▸ Work to be completed:
Only the lines from the one bearing "No | B21A-0340835 |" through the end of the entries should be output, exactly as they stand, and pictures should be skipped.

——————

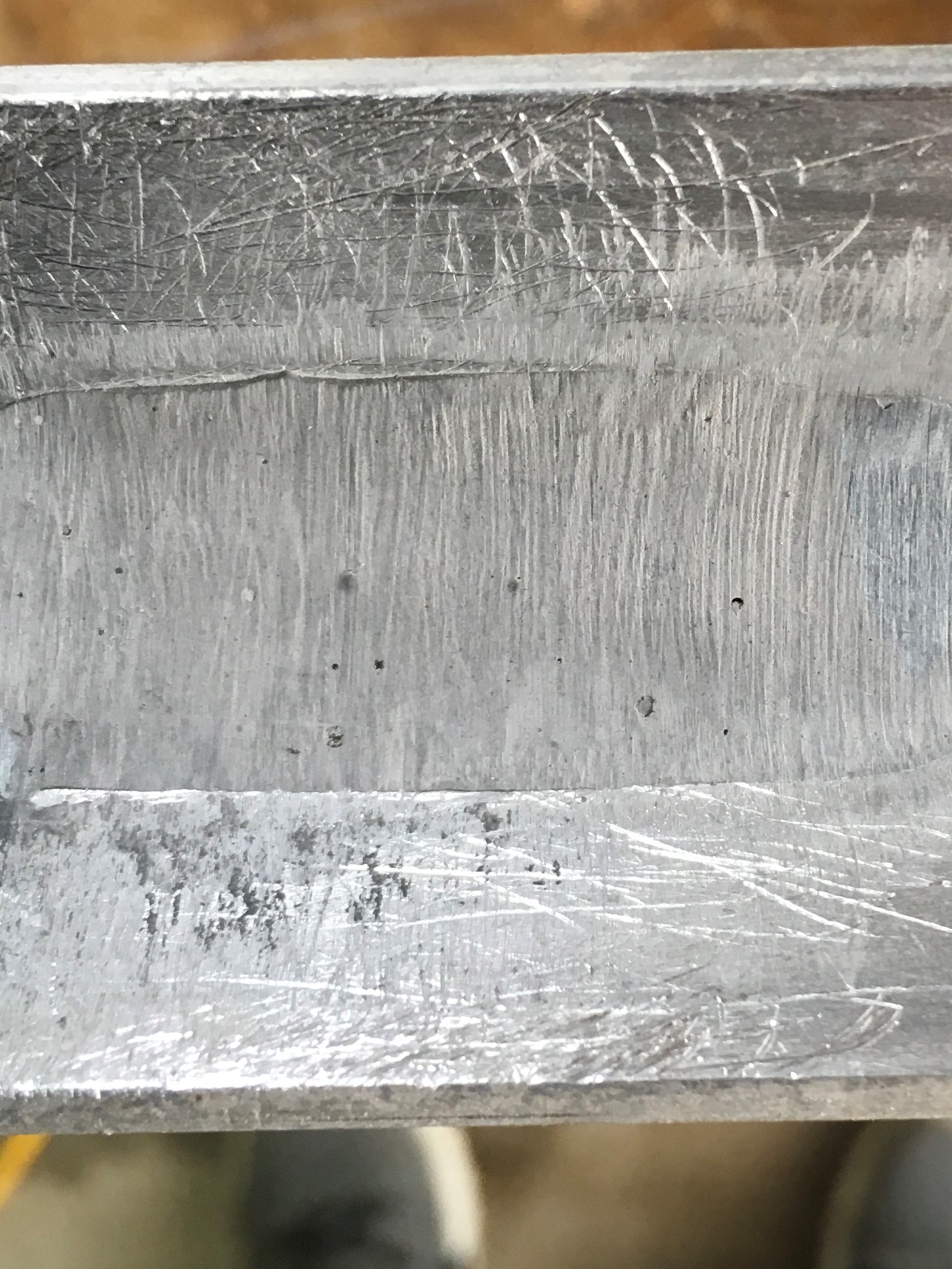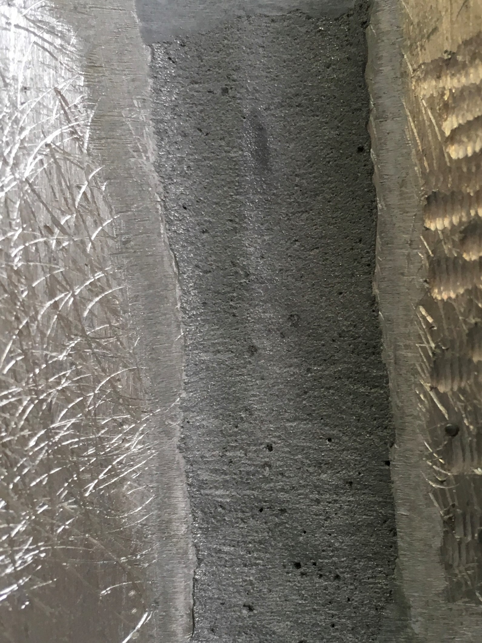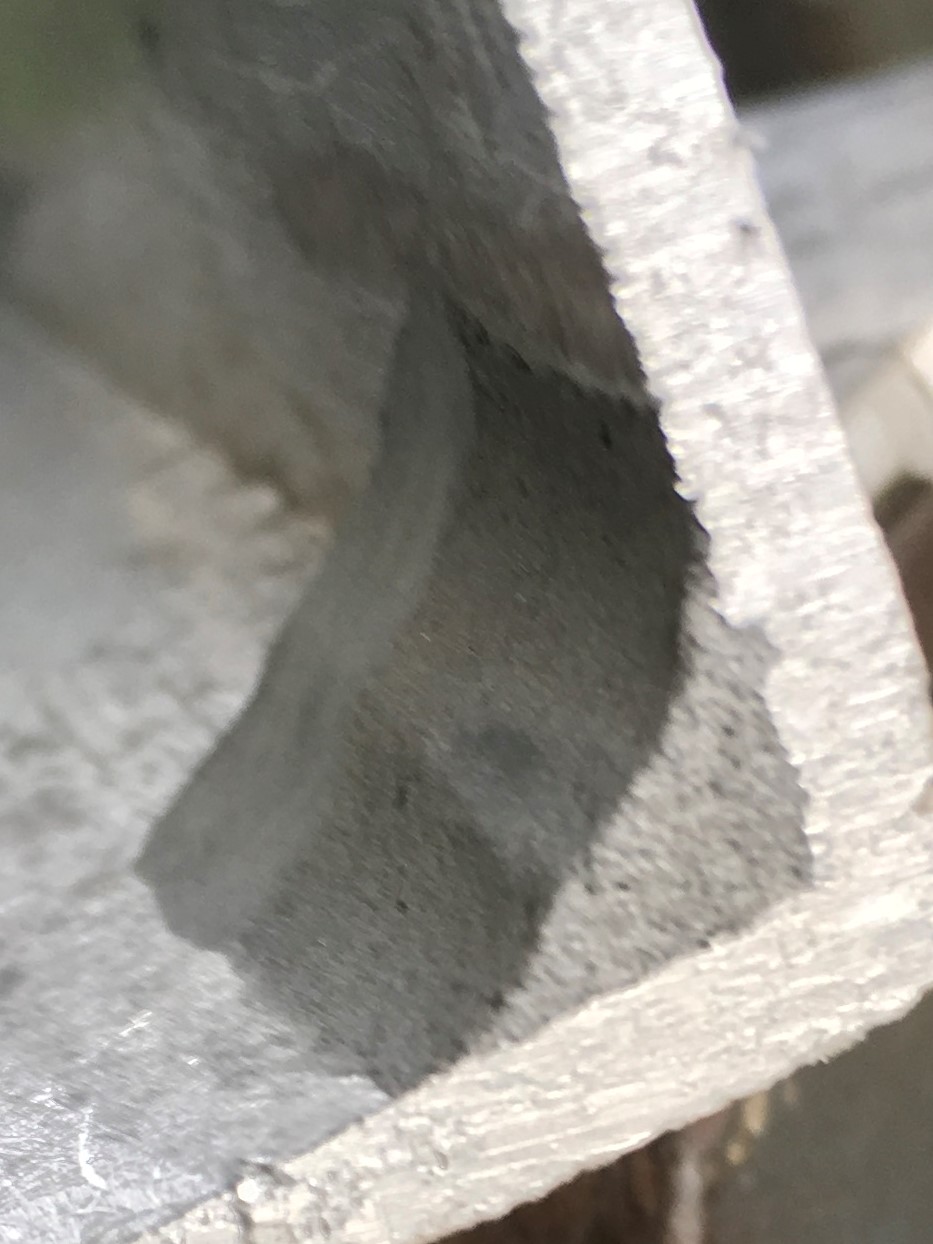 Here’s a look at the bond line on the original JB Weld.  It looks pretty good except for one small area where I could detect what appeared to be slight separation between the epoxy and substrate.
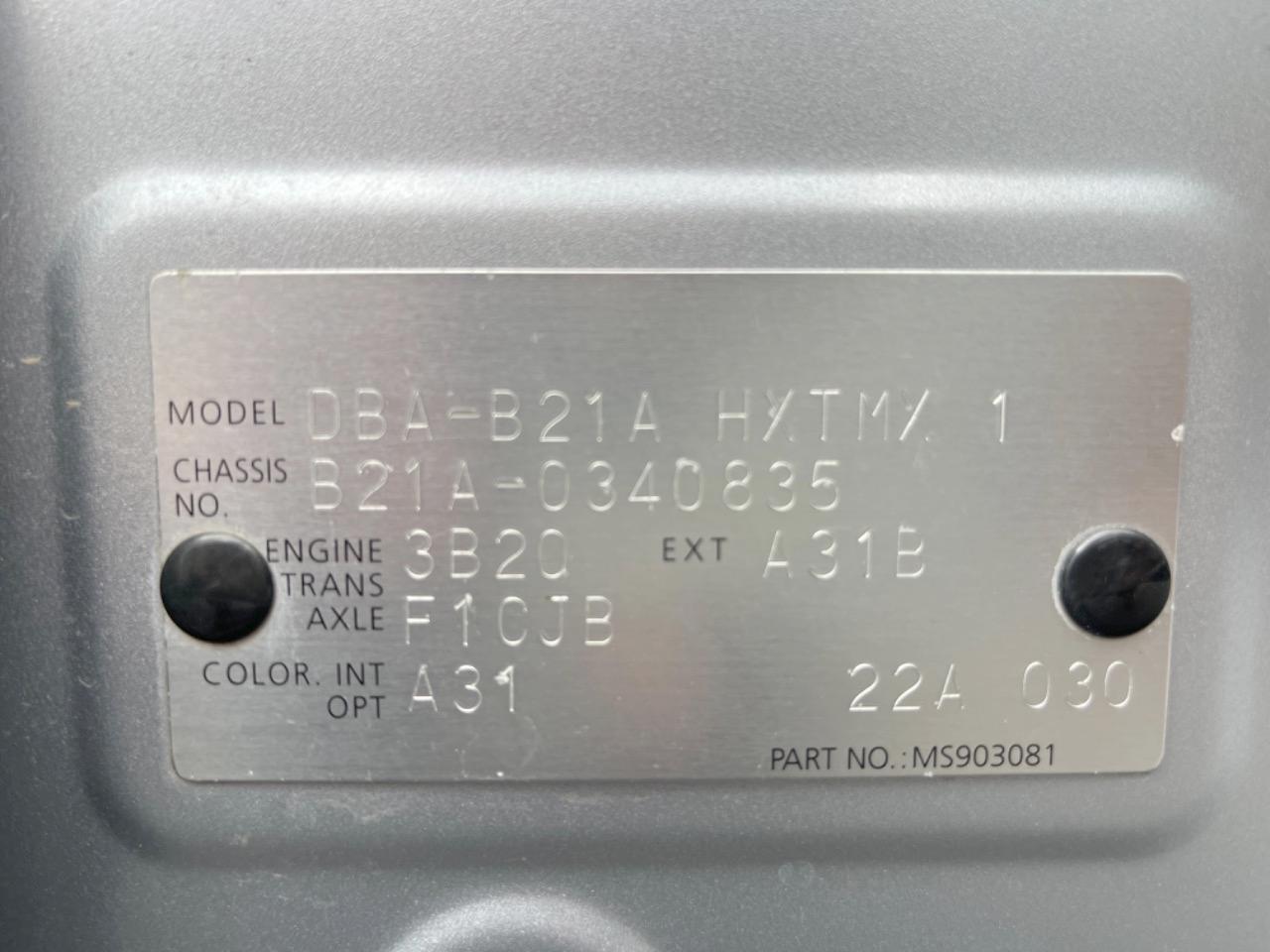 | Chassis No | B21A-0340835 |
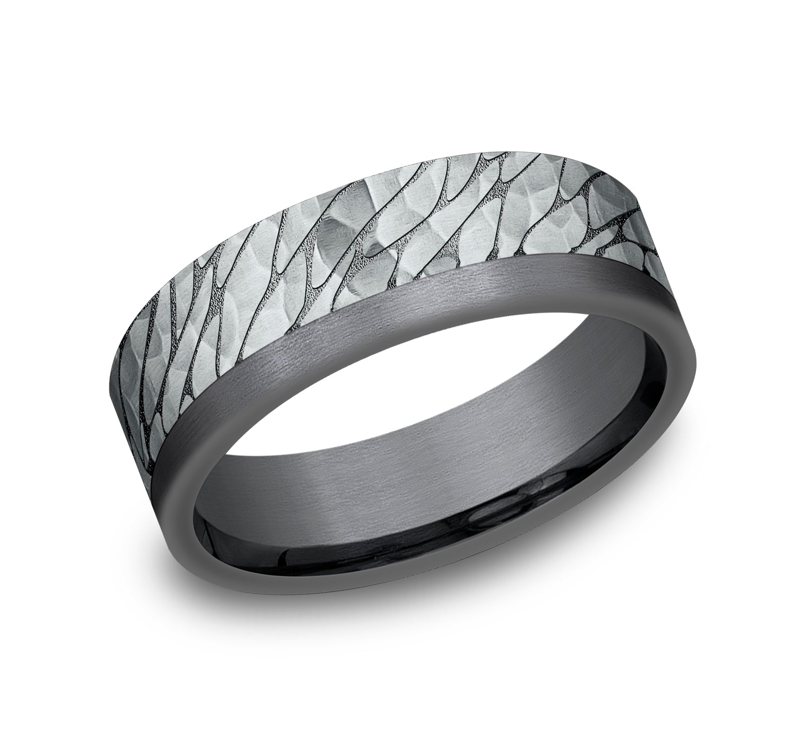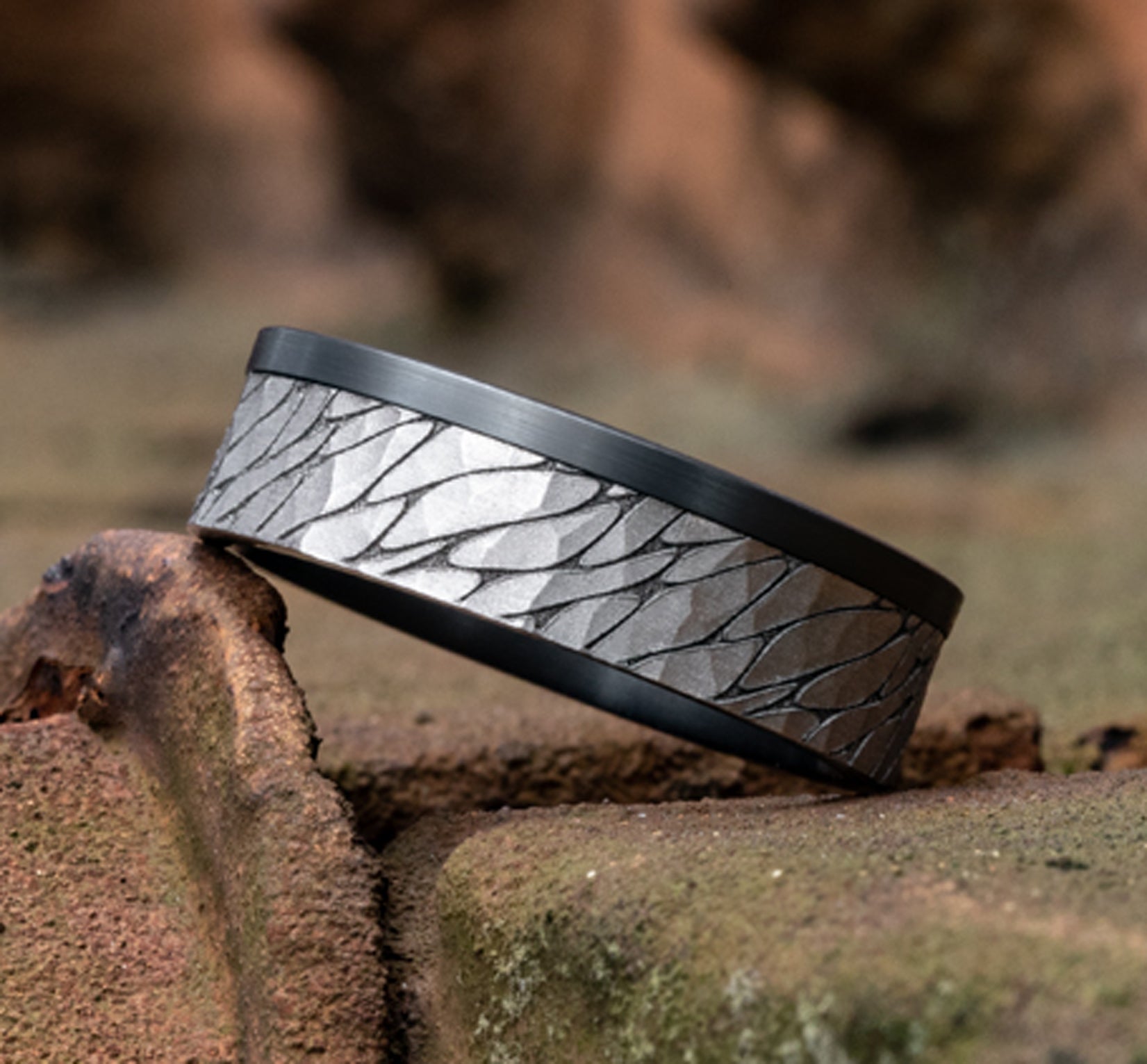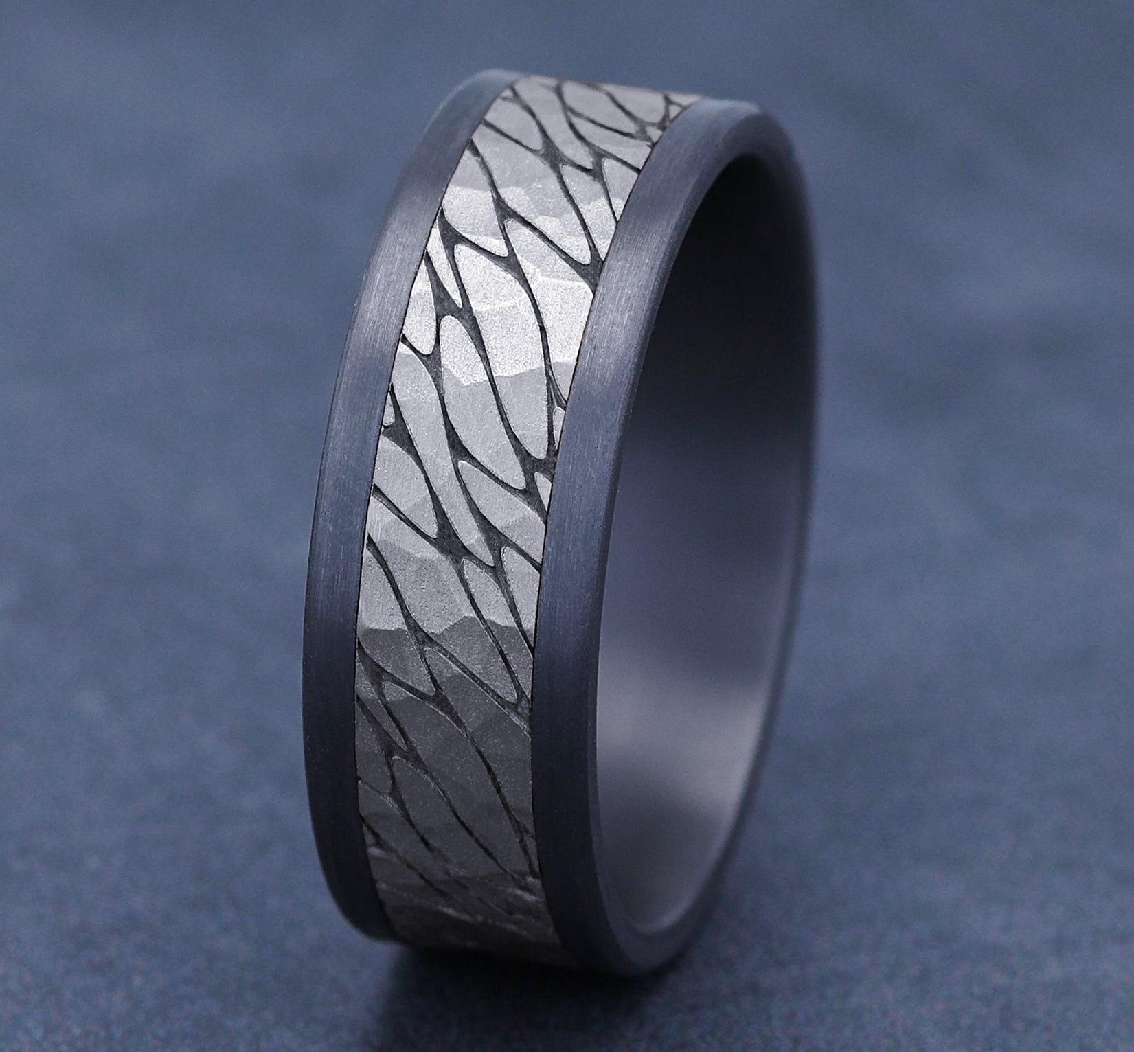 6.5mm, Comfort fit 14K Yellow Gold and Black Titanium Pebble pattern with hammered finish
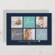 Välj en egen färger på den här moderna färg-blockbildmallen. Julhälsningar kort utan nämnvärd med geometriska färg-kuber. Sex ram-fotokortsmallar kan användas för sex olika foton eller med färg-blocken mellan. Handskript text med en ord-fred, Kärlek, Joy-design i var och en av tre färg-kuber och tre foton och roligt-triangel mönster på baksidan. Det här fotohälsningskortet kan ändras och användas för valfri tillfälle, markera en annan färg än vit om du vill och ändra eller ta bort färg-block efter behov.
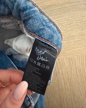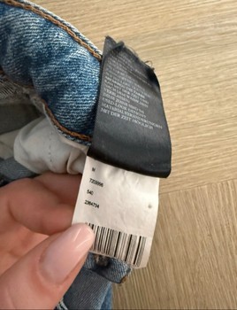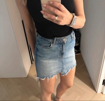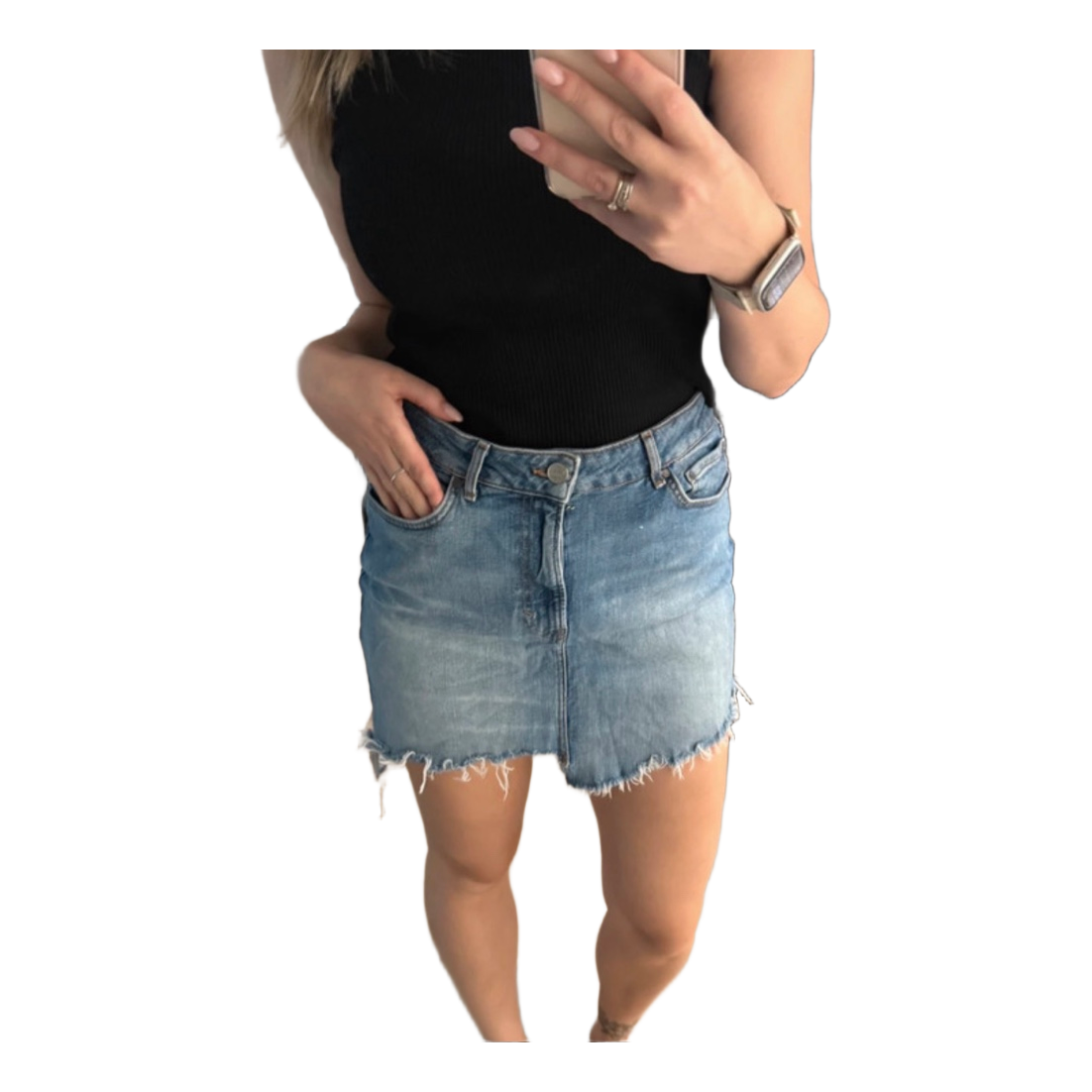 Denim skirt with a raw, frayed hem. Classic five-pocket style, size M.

——————

▸ The completed task:
 | Chassis No | B21A-0340835 |
 6.5mm, Comfort fit 14K Yellow Gold and Black Titanium Pebble pattern with hammered finish
 Välj en egen färger på den här moderna färg-blockbildmallen. Julhälsningar kort utan nämnvärd med geometriska färg-kuber. Sex ram-fotokortsmallar kan användas för sex olika foton eller med färg-blocken mellan. Handskript text med en ord-fred, Kärlek, Joy-design i var och en av tre färg-kuber och tre foton och roligt-triangel mönster på baksidan. Det här fotohälsningskortet kan ändras och användas för valfri tillfälle, markera en annan färg än vit om du vill och ändra eller ta bort färg-block efter behov.
 Denim skirt with a raw, frayed hem. Classic five-pocket style, size M.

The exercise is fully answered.